Of course, before those followup discussions, I will need to do some further explorations on my own.  For example, I might get some insight into the sudden jump in system time at 32 threads by seeing if that higher level is present with 30 or 31 threads;  finding out more about OpenMP and its internal operations would probably help.  One thing that troubles me is that the real time performance seems to be improving exponentially as the number of threads increases (halving the time when I quadruple the number of threads), which is not what I would expect from Amdahl's law.  I'm eager to carve out some time to explore this technology more.

Proper uses of the MTL

I must admit that I could illustrate most of these points with fewer than 32 cores.  For example, if we put together a "mere" 16-core system at St. Olaf (4 CPUs, 4 cores each), I could likely demonstrate the initial list of pedagogical points in the previous section quite well.  However, we don't have such a system on campus at present.  Being able to use the MTL to explore manycore computing first hand and now, I am already gaining the experience and building the academic case I need to make in order to get this kind of technology on campus.

But that would take months and local negotiations.  (At my small college, equipment requests are solicited only twice per year.)  The MTL is immediate:  assuming the MTL will have sufficient resources to support this, I'll start having our students using it in class next semester, long before I could obtain a local system from the College's resources.  (In fact, I'm hoping to run an extracurricular lab session for my cluster research students with it this week, even though it's happening at the end of our semester...)  It's invaluable that Intel is taking care of the maintenance, like a cloud service, especially in the case of a small school like ours.

Besides the classroom use I can envision, I'm definitely looking forward to using it for projects.  For example, I've been talking with my colleague about parallelizing his (C++) code for computer vision segmentation.  I don't know his code, but I anticipate that OpenMP will help to make it straightforward to parallelize.  (By the way, I'm also hoping to run my extracurricular lab for Libby and my faculty colleagues next week.)  If we can demonstrate manycore performance improvement with the MTL, it may well transform this element of his project, and open new doors for its applications.

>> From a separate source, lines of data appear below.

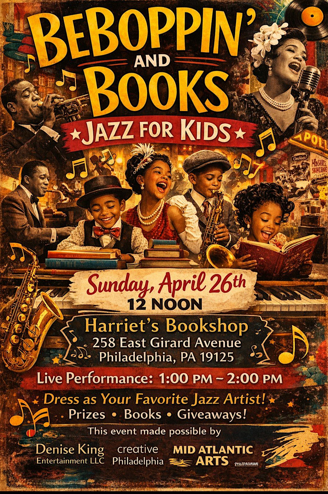 A celebration of Jazz during the Harlem Renaissance and beyond. Dress as your favorite Jazz musician or singer. Prize for best costumes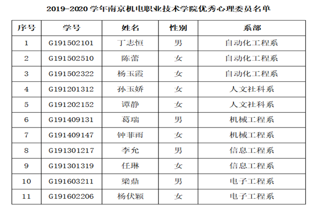 根据乐玩体育《优秀心理委员评选细则》规定,经自主申报,各系心理气象站推荐,学生工作处核准,学校审批,决定授予丁志恒等11名同学“优秀心理委员”的荣誉称号。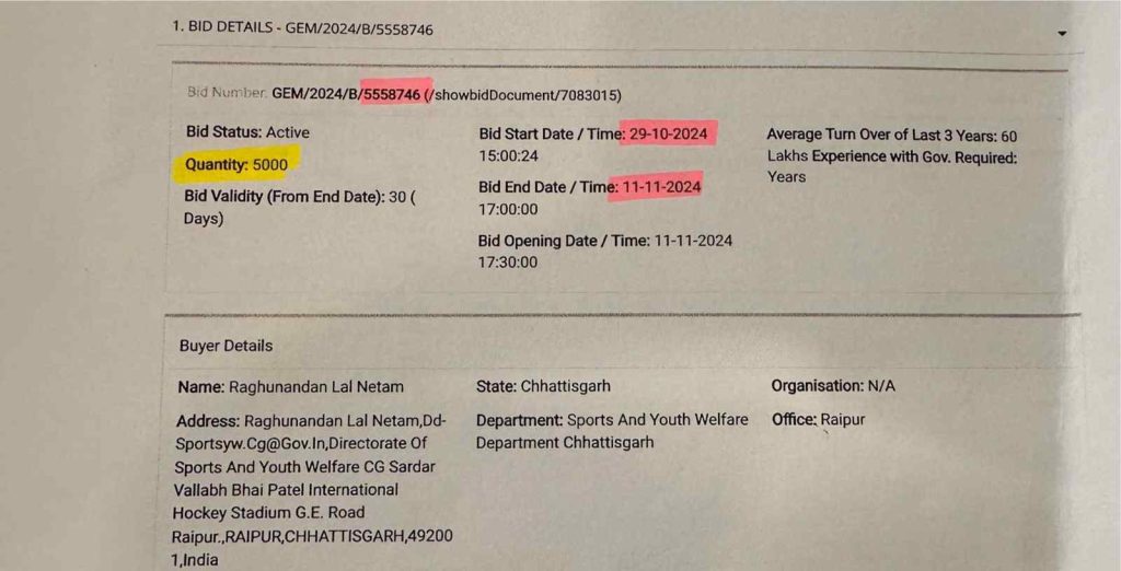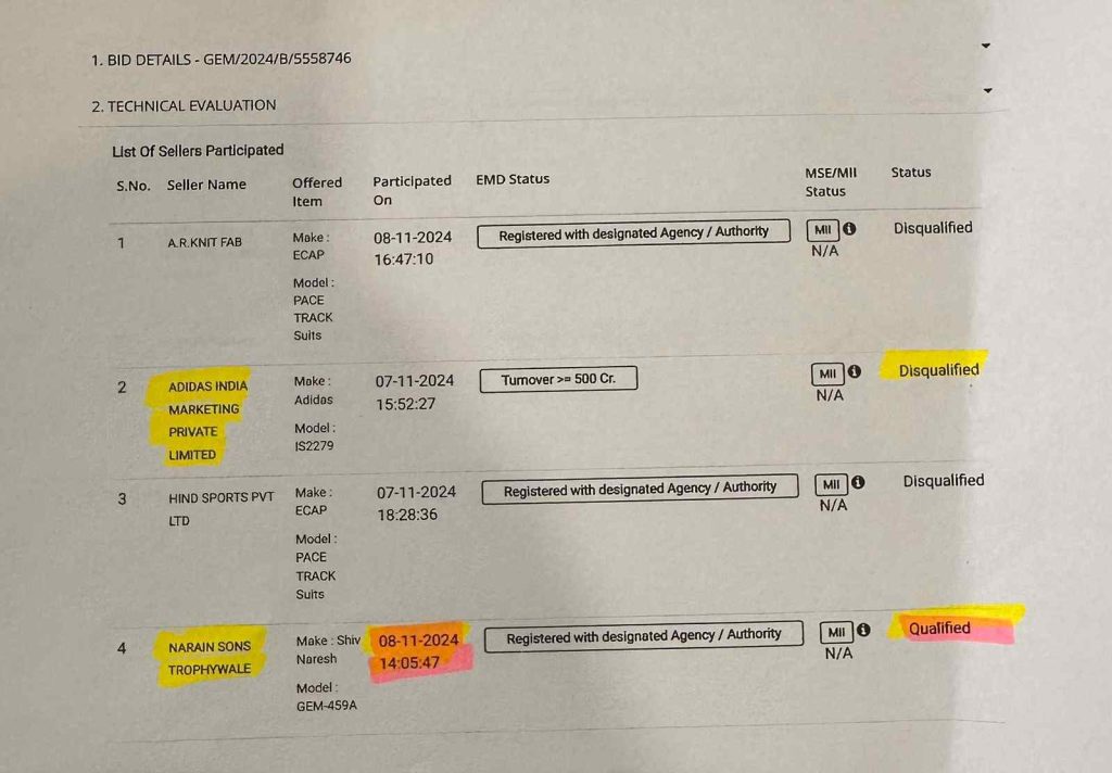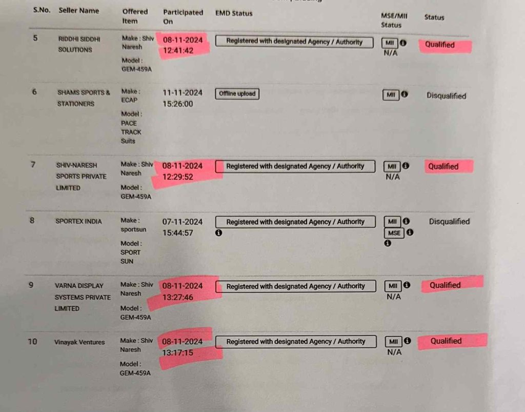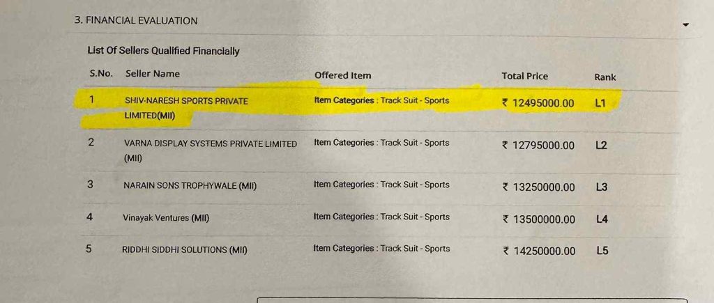 चौंकाने वाली बात यह रही कि टेक्निकल बिड में क्वालीफाई करने वाली कंपनियां एक ही ब्रांड शिव नरेश स्पोर्ट्स प्राइवेट लिमिटेड के उत्पाद से जुड़ी थीं. क्वालिफाई करने वाली सभी पांच कंपनियों ने एक ही ट्रैक सूट मॉडल (आर्टिकल कोड 459A) को अपनी बोली में दर्शाया. पांच कंपनियों में से शिव नरेश स्पोर्ट्स प्राइवेट लिमिटेड को एल-1 घोषित किया गया. कंपनी ने बस्तर ओलंपिक में खिलाड़ियों के लिए 4 हजार 900 ट्रैक सूट की सप्लाई प्रति यूनिट 2499 रुपए की दर पर कर दी.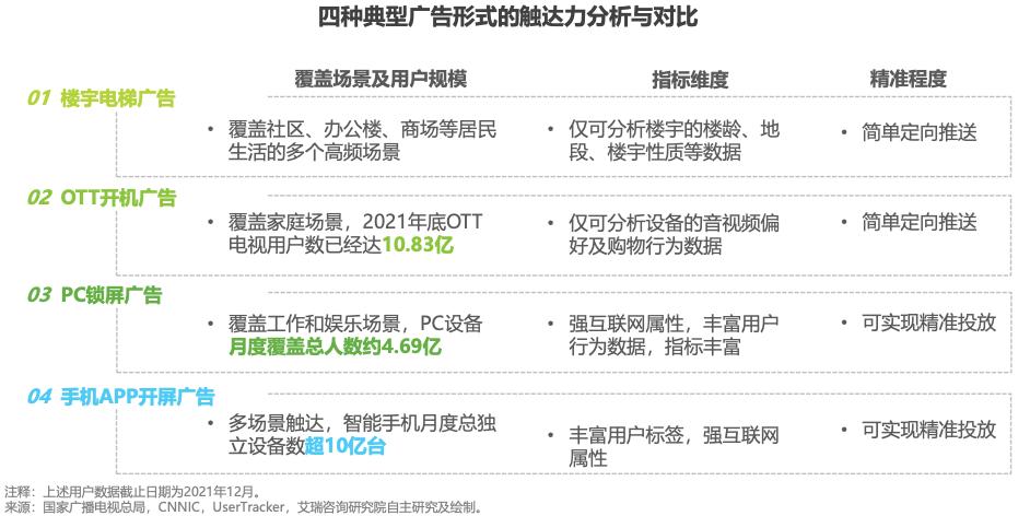 开篇提到的4块屏(户外数字屏、OTT屏、PC屏、手机屏),都在发生变化,具体体现在在用户规模、用户画像、覆盖场景和时段、触达频次、用户心智等方面。

The VPN/SSL strategy for connecting the MTL makes this resource widely accessible from just about anywhere.  It's quite understandable that the MTL system is very "locked down" from a networking viewpoint:  a user's local computer and the remote MTL computer can only access each other across the network, thus precluding any potential for a rogue student to launch a DOS or other network-based attack from dozens of cores.  Of course, this is sometimes a little inconvenient.  For example, I needed to use my local machine as a go-between for uploads and downloads from MTL, and found myself manually shutting down/starting up VPN in order to get data or code between a target location off of my local machine and the MTL.  Cisco's VPN client makes this simple, but not as convenient as a direct network copy between target and MTL.  Of course, this connectivity restriction is a quite reasonable tradeoff for access to this unique resource internal to Intel.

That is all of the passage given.